9. The Old Testament supports the alternative translation that Paul is not for veils for women and against long hair for men. In the OT, we find many honorable men with long hair (for example the priests, nasirs, Simson and many more). And the wearing of a veil in the OT cannot necessarily be interpretated as a sign of honor: Tamar was identified as a whore because she was wearing a veil (1. Mose 38,14-15). It is also very interesting to consider that Paul, during his stay in Corinth, was under a vow and had long hair, because we know he did cut it off after hid departure because he was a nasir at that time (Acts 18,18)

10. All of these interpretations (theses 1-6 and 9-10) stay valid even if one does not agree with the „quotation interpretation“ (theses 7 and 8)

11. We can conclude that this text is still valid for us today, even if the practice is not explicitly described. In Pauls teachings he often makes very clear that he is against any kind of „outside practices“ (like circumcision), and even more if they are not clearly mentioned in God‘s Word. He so stands in harmony with Jesus' words in Mark 7,1-23. The practice of wearing a headcovering was never explicitly mentioned in the OT or NT and the jewish practice of wearing a veil was therefore a „commandement made by men“. The idea that Paul introduces new "outside" practices into early Christianity seems absurd considering the rest of his theology and teachings.

12. All this does however NOT mean that Paul abolish what he said about the different duties and tasks of men and women. The Corinthians only had a wrong understanding of his teachings (like they are mentioned in 1. Cor 11,3) and came to a wrong conclusion, therefore Paul wants to correct them and show them their misinterpretations. That would also fit to the other arguments he had with the Corinthians were they also misunderstood something he taught (1. Cor 5,9-13 => 1. Cor 5,10+12-13 or 1. Cor 8,4-11 => 1. Cor 10,14-22)

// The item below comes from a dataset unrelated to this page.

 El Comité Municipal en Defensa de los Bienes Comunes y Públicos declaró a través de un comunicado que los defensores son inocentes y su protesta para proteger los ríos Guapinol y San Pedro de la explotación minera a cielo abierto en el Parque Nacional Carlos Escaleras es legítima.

Another point I came up with by my own:

13. Headcoverings during prayer were very common (and sometimes also a commandement) in jewish culture and when reading in the Torah in the synagogue on Sabbath day, jewish men cover their head with some scarf. V4 would not make much sense, interpretated the common way, if you consider this cultural context.


----------



## Peairtach (Dec 22, 2010)

It's certainly a very novel approach to the passage. That wouldn't make it automatically wrong, but would mean that Mr Schirrmacher would have a great onus on him to show he really has discovered new and important light on this passage that many have been missing.

The usual approaches to this passage are 

(a) That Paul, under divine inspiration and apostolic authority, wants women to wear some kind of head covering in worship/church and that that *is not* culturally bound and that women should continue this practice, and men shouldn't wear hats.

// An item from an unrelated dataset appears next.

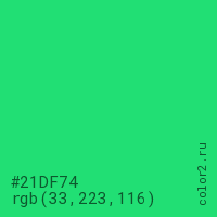 Цвет #21DF74 в цветовой модели RGB обозначается тремя октетами (33, 223, 116) в десятичном формате и #21DF74 в шестнадцатиричном (hex) формате, которые являются интенсивностью красного 33 (hex 21), интенсивность зелёного 223 (hex DF) и интенсивность синего 116 (hex 74).

(b) That Paul, under divine inspiration and apostolic authority, wants women to wear some kind of head covering in worship/church and that *is * culturally bound re first century Corinth, society at that time, etc, and that women don't need to wear a head covering in worship/church. 

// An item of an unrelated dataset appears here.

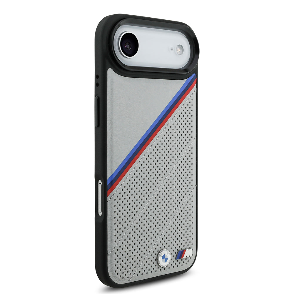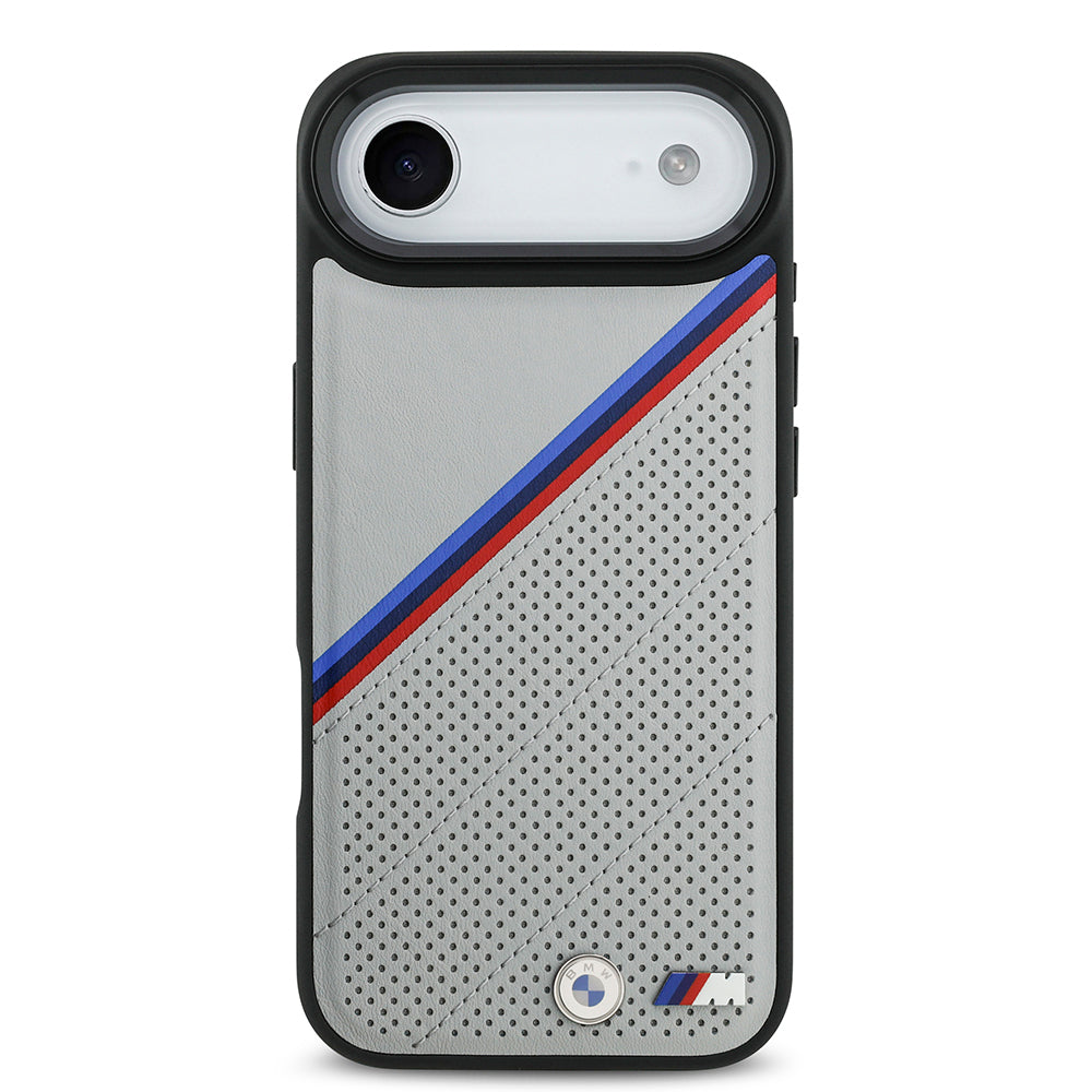 iPhone 17 Air Kılıf BMW Orjinal Lisanslı M-safe Şarj Özellikli M Logolu Üç Şeritli Delikli Deri Kapak

Presumably these last also believe that men can wear whatever headgear they want in church/worship, although it usually seems to be a get out clause for the women who obviously feel that wearing a hat is a terrible sign of oppression. The pressure for a cultural interpretation of this passage has all come from the female side rather than the male side. You don't tend to get men saying, "That means I won't be able to wear a hat in church!" You get women saying "I don't want to wear a hat/scarf in church!" Some women also want to wear their hair short.

You do get some men who want to wear their hair long like women. Some of the Puritans and others were prone to this fashion, if not long wigs, although there must have been a sizeable number who believed men should have short hair, for they and their army to be called "Roundheads".

It would be interesting to know how the Puritans that had long hair, or long wigs, approached this passage.



> (But now you thought: )



This sounds like reading something into the passage that isn't there - eisegesis.



> Another point I came up with by my own:
> 
> 13. Headcoverings during prayer were very common (and sometimes also a commandement) in jewish culture and when reading in the Torah in the synagogue on Sabbath day, jewish men cover their head with some scarf. V4 would not make much sense, interpretated the common way, if you consider this cultural context.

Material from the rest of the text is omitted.